The results of the study demonstrate that the use of abundant intravenous serum during the first hours and days of admission is not recommended
THEWATERFALL study, which has been carried out in 19 health and research centers in Spain, India, Italy and Mexico with the participation of 249 patients, and under the leadership of the General University Hospital Dr. Balmis (Alicant), has been published in the magazine The New England Journal of Medicine (NEJM), the most prestigious in the world in clinical medicine.
La pancreatitis is a disease that can be moderate or severe and is the result of acute inflammation of the pancreas and the tissue that surrounds it. Currently, it is the third cause of admission due to disease of the digestive system. Acute pancreatitis produces nausea, vomiting, and severe abdominal pain, which usually resolves within a few days with treatment. However, in one out of three cases, there may be complications that affect the pancreas and even other organs.
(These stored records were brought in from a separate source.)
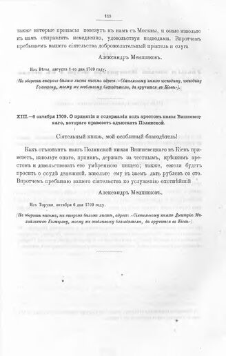 Письма князя Александра Даниловича Меншикова к князю Дмитрию Михайловичу Голицыну. О принятии и содержании под арестом князя Вишневецкого, которого привезет адъютант Полянской. Из Торуня, октября 6 дня 1709 году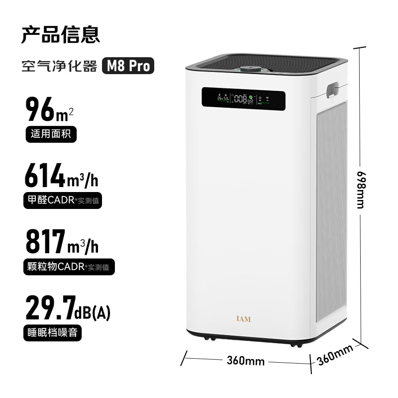 IAM 空气净化器除甲醛家用负离子KJ800F-M8Pro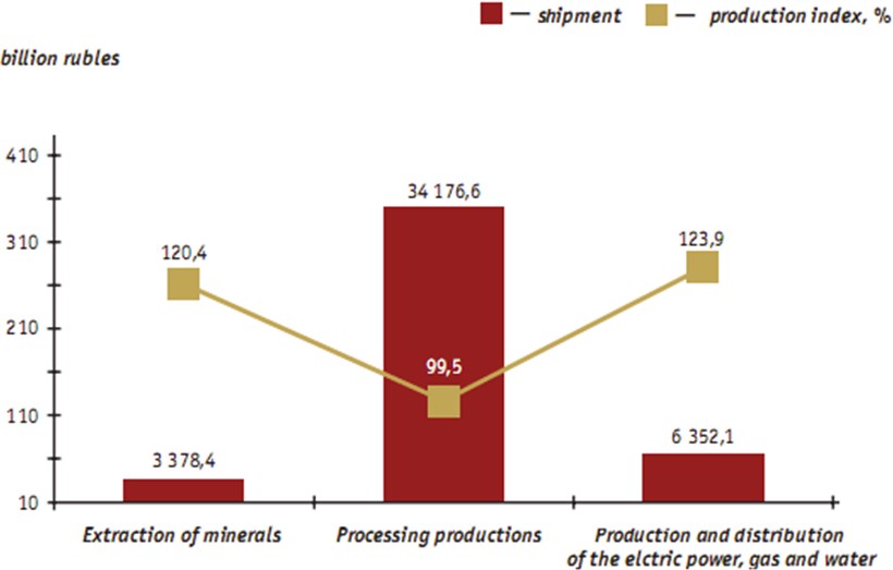 In 2007 the volume of the shipped goods of own production, executed works and services according to the types of economic activities, extraction of the minerals, processing industries, production and distribution of the electric power, gas and water constituted 538.1 billion rubles. In comparison with 2006 it reached 104.4 %. In 2007 the rating of the Krai among the Russian Federation’s subjects, arranged according to physical volume index, improved. The Krai moved from the 68th (in 2006) to the 57th place (in 2007).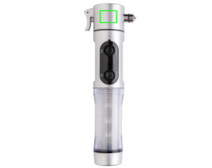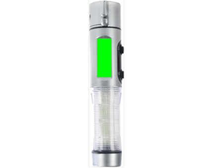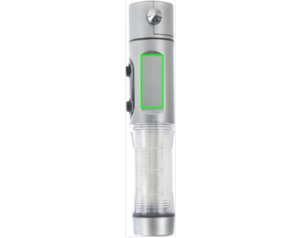 Emergency light, silver ABS case, 1 white LED and 9 red flash lights at side, cutter, window breaker and magnetic base to place on the roof of the car.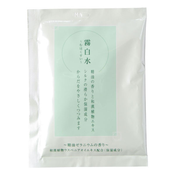 | スキンケア成分でお肌にうるおいを。 湯上がりはしっとりとしたお肌を保ちます。 [霧白色] 霧のように深い白色(濁色)、霧白色。 精油ゼラニウム(葵)の香り、シルクと天然保湿成分を配合しました。 お湯にやさしく包まれる贅沢な時間をお楽しみください。 シルク末・和漢植物ウスベニアオイエキス配合(保湿成分) |

Treatment in recent years for patients admitted for acute pancreatitis recommended the abundant infusion of serums with the aim of providing a large amount of fluid to improve blood supply to the pancreas. The published study shows that this practice is not recommended since it can produce a volume overload of the circulatory system and, even, can increase the risk of cardio-pulmonary complications.
This conclusion could change the current clinical practice of acute pancreatitis worldwide
This conclusion could change the current clinical practice of acute pancreatitis worldwide, as thestudy has been qualified as a "Landmark study" is preferably used for NEJM. The journal publishes an editorial stating how many fluids have been administered to patients.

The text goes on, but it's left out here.